Checking if it is a directory:

In [36]:
os.path.isdir(data_dirname)

True

Extracting the file name from the file path:

In [37]:
data_filename = os.path.basename(data_filepath)
print(data_filename)

gapminder.csv


Getting the directory and the file name from the file path using `os.path.split()` which returns two variables its directory and file name:

In [38]:
data_dirname, data_filename = os.path.split(data_filepath)
print(data_dirname, data_filename)

data gapminder.csv


Listing the content of a directory using `os.listdir()` is equivalent to `ls` in the shell:

In [39]:
import os
print(os.listdir(data_dirname))

['GRCm38.gff3', 'GRCh38.gff3', 'genes.txt', 'sample.fa', 'genes_withstrand.txt', 'AilMel.gff3', 'gapminder.csv', 'mydata.txt', 'gapminder_gdp_oceania.csv', 'gapminder_gdp_asia.csv', 'GRCz11.gff3', 'gapminder_gdp_americas.csv', 'gapminder_gdp_africa.csv', 'gapminder_gdp_europe.csv', 'glpa.fa']


## Exercise 1.2.2

- List all `.txt` files from the `data` directory, print their file path only if it is a file.
- Check that the file `genes.txt` exists in `data/`, open the tab separated file, and calculate the length of each genes.

In [86]:
#part 1
import os
dirname='data'
for filename in os.listdir(dirname):
    filepath = os.path.join(dirname, filename)
    if os.path.isfile(filepath) and filename.endswith('.txt'):
        print(filepath)

data/genes.txt
data/genes_withstrand.txt
data/mydata.txt


In [95]:
#part 2
import os
filepath = os.path.join('data','genes.txt')
if os.path.exists(filepath):
    print('file',filepath,'found')
    with open(filepath) as h:
        header=h.readline().strip().split()
        print(header)
        for line in h:
            data = line.strip().split() #there is no comma between the data, so no need to specify it
            gene_length= int(data[3]) - int(data[2]) + 1
            print('gene',data[0],'length is',gene_length)

file data/genes.txt found
['gene', 'chrom', 'start', 'end']
gene BRCA2 length is 84195
gene TNFAIP3 length is 16099
gene TCF7 length is 37155


## Using the `csv` module

The so-called CSV (Comma Separated Values) format is the most common import and export format for spreadsheets and databases.
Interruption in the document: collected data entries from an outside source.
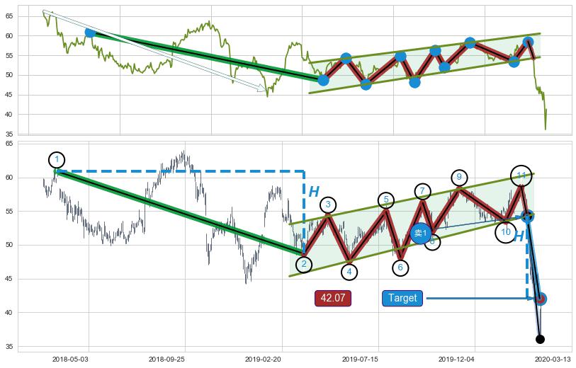 ➢ 2020-03-09到达第❸价格目标位置43.62
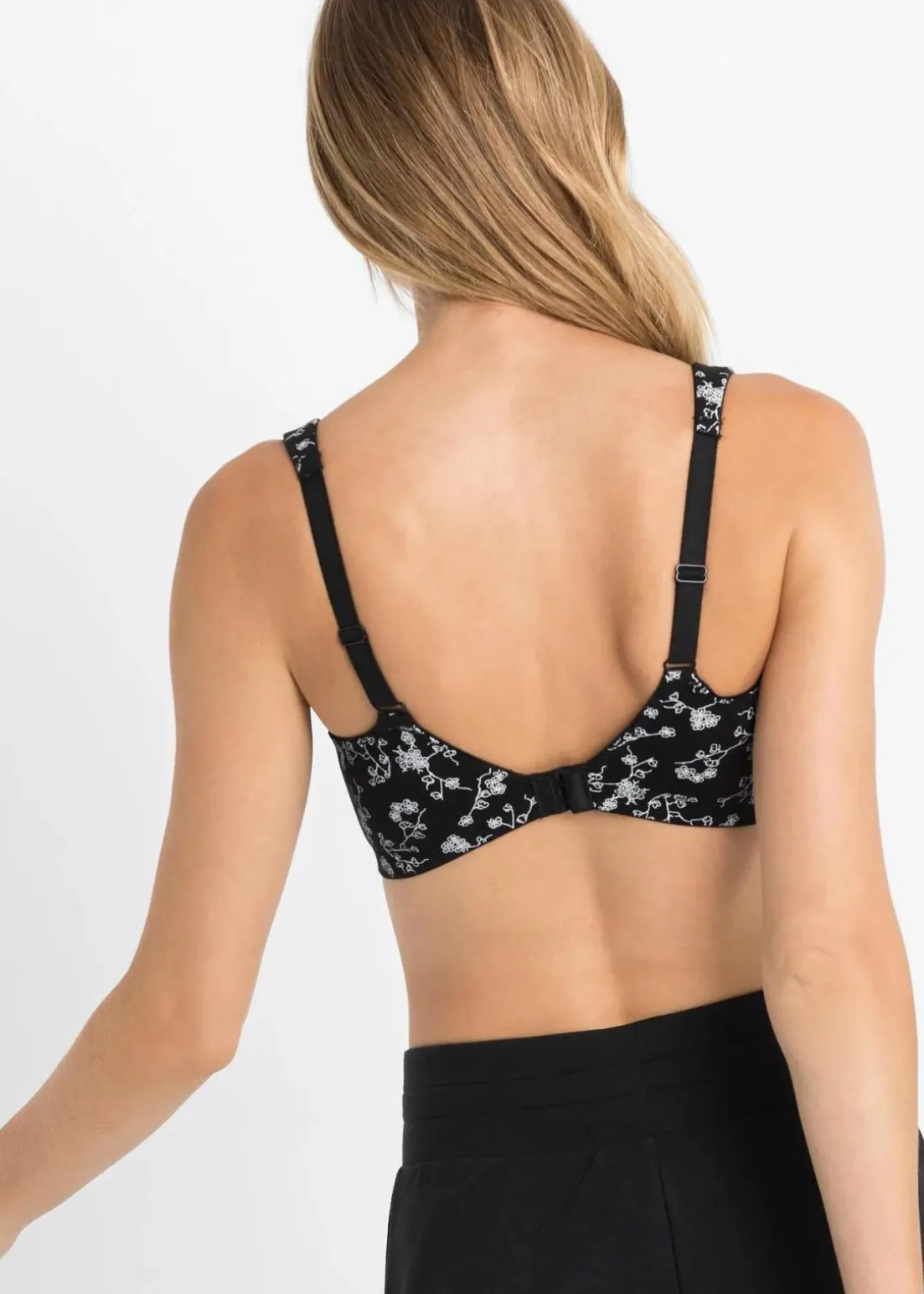 Der BH ohne Bügel bietet mit seiner schönen Bio-Baumwollqualität angenehmen Tragekomfort. Das weiche Material schmiegt sich perfekt an und die leicht gepolsterten Träger entlasten die Schulterpartie.Im attraktiven Doppelpack sind zwei BHs ohne Bügel aus der bpc collection mit einem verspielten Blumendruck enthalten. Dieser ansprechende BH vereint bequemes Tragegefühl und modisches Design.
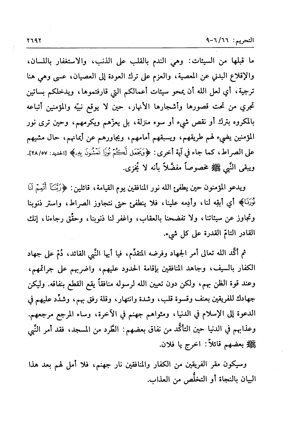 ويدعو المؤمنون حين يطفئ الله نور المنافقين يوم القيامة، قائلين: رَبَّنا أَتْمِمْ لَنا نُورَنا أي أبقه لنا، وأدمه علينا، فلا ينطفئ حتى نتجاوز الصراط، واستر ذنوبنا وتجاوز عن سيئاتنا، ولا تفضحنا بالعقاب، واغفر لنا ذنوبنا، وحقّق رجاءنا، إنك القادر التامّ القدرة على كل شيء.
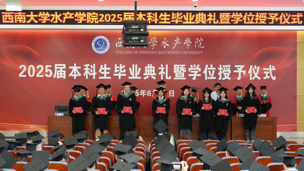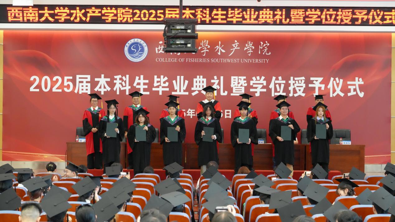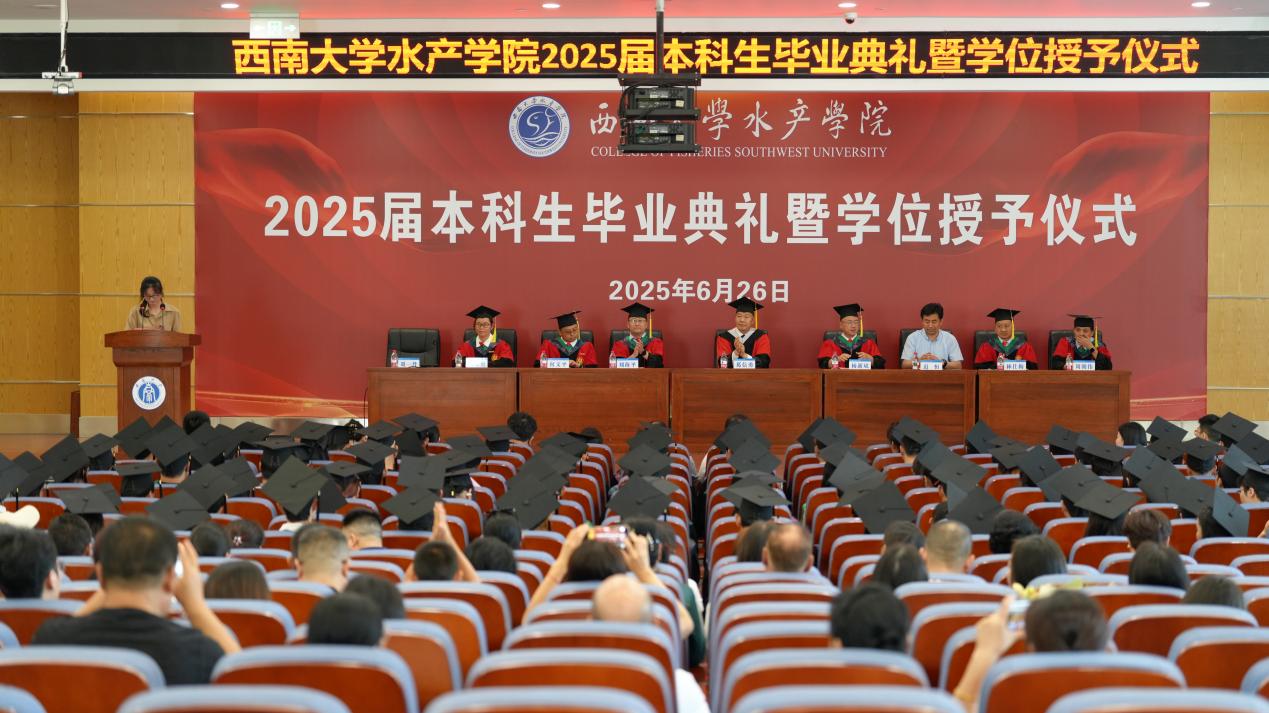 骊歌唱响,征程启航。愿2025届毕业生秉承师长教诲,胸怀“以水为镜”的德性、“以渔为舟”的实干、“以海为志”的担当,在时代的浪潮中扬帆奋进,以勇毅与创新书写水产人的深蓝梦想,共赴崭新航程,激荡青春荣光。
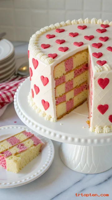 Bake one vanilla batter and one pink-tinted batter, then build a checkerboard pattern. Frost with vanilla buttercream so the inside stays a surprise.
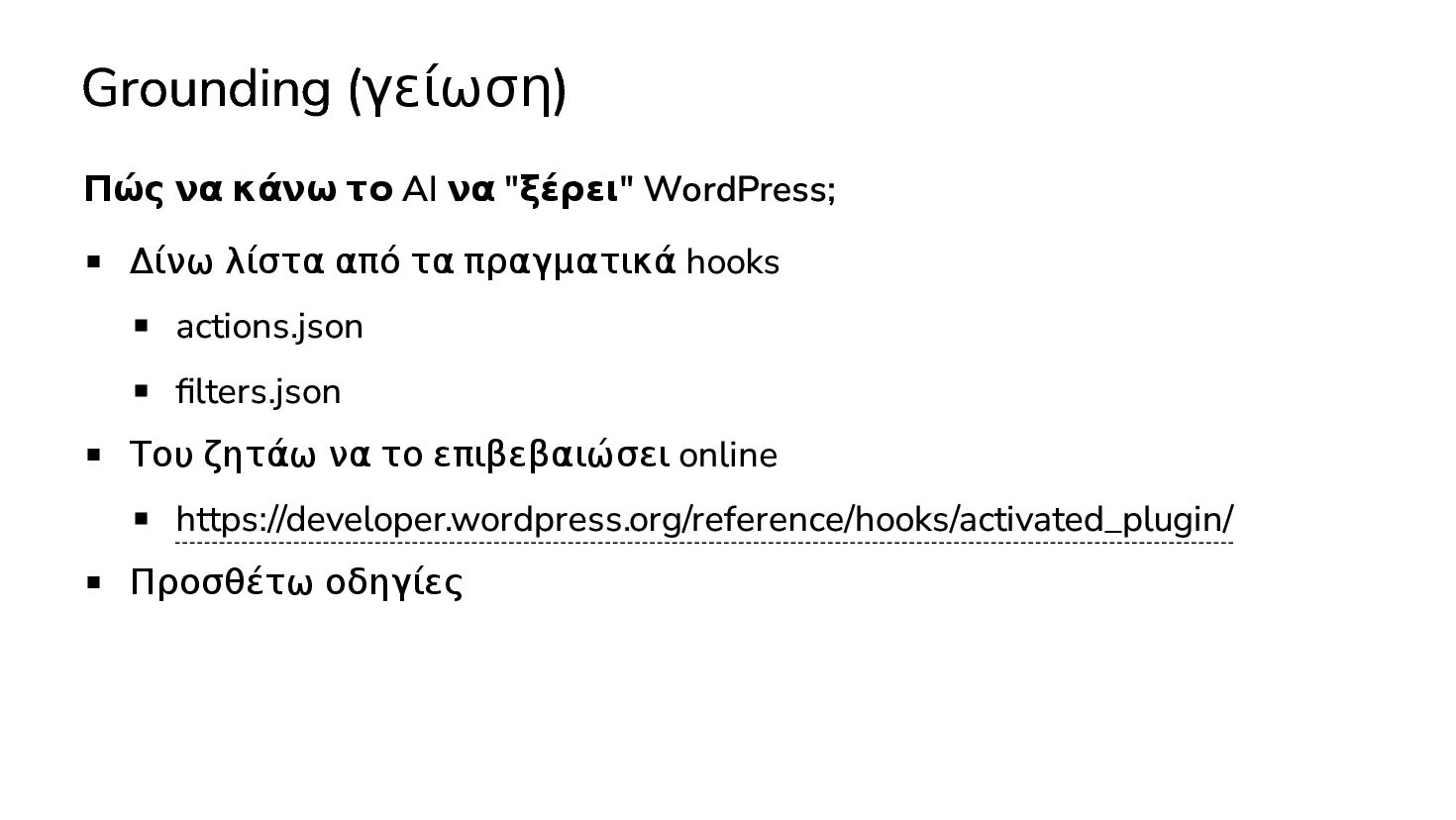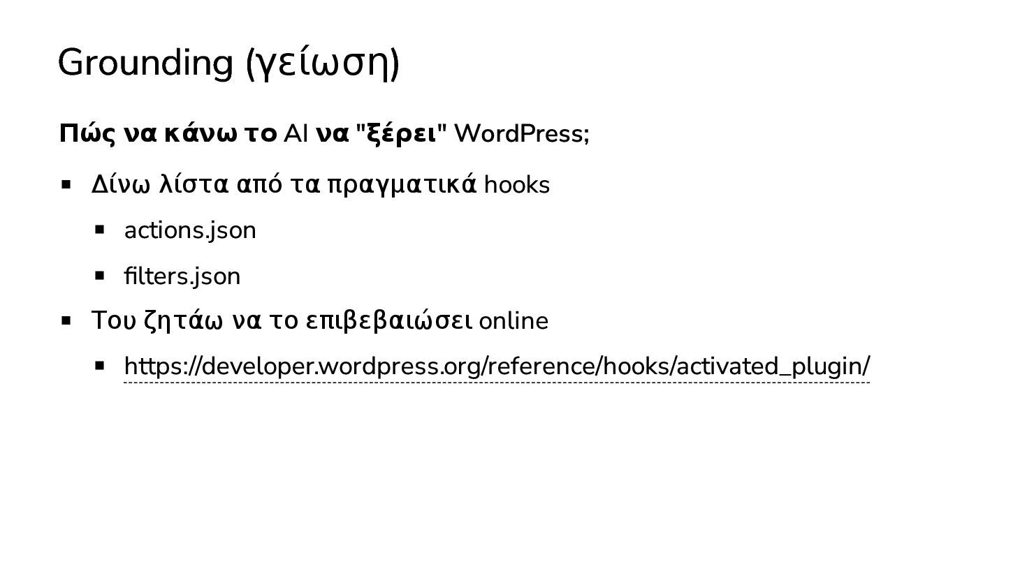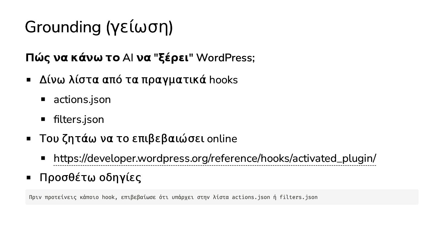 Δίνω λίστα από τα πραγματικά hooks actions.json filters.json Του ζητάω να το επιβεβαιώσει online https://developer.wordpress.org/reference/hooks/activated_plugin/ Προσθέτω οδηγίες

The `csv` module implements methods to read and write tabular data in CSV format.

The csv module’s `reader()` and `writer()` methods read and write CSV files. You can also read and write data into dictionary form using the `DictReader()` and `DictWriter()` methods.

For more information about this built-in Python library go to [CSV File Reading and Writing documentation](https://docs.python.org/3/library/csv.html).

Let's now read our `data/genes.txt` tab separated file using the `csv` module into a dictionary based on the column headers using `csv.DictReader()`.

|gene |	chrom |	start |	end |
|-- | -- | -- | -- | 
|BRCA2 |	13 |	32889611 |	32973805 |
|TNFAIP3 |	6 |	138188351 |	138204449 |
|TCF7 |	5 |	133450402 |	133487556 |

First, import the `csv` module:

In [56]:
import csv

Read the data and store each dictionary into a list. Note that `DictReader()` returns an [ordered dictionary](https://docs.python.org/3/library/collections.html#ordereddict-objects).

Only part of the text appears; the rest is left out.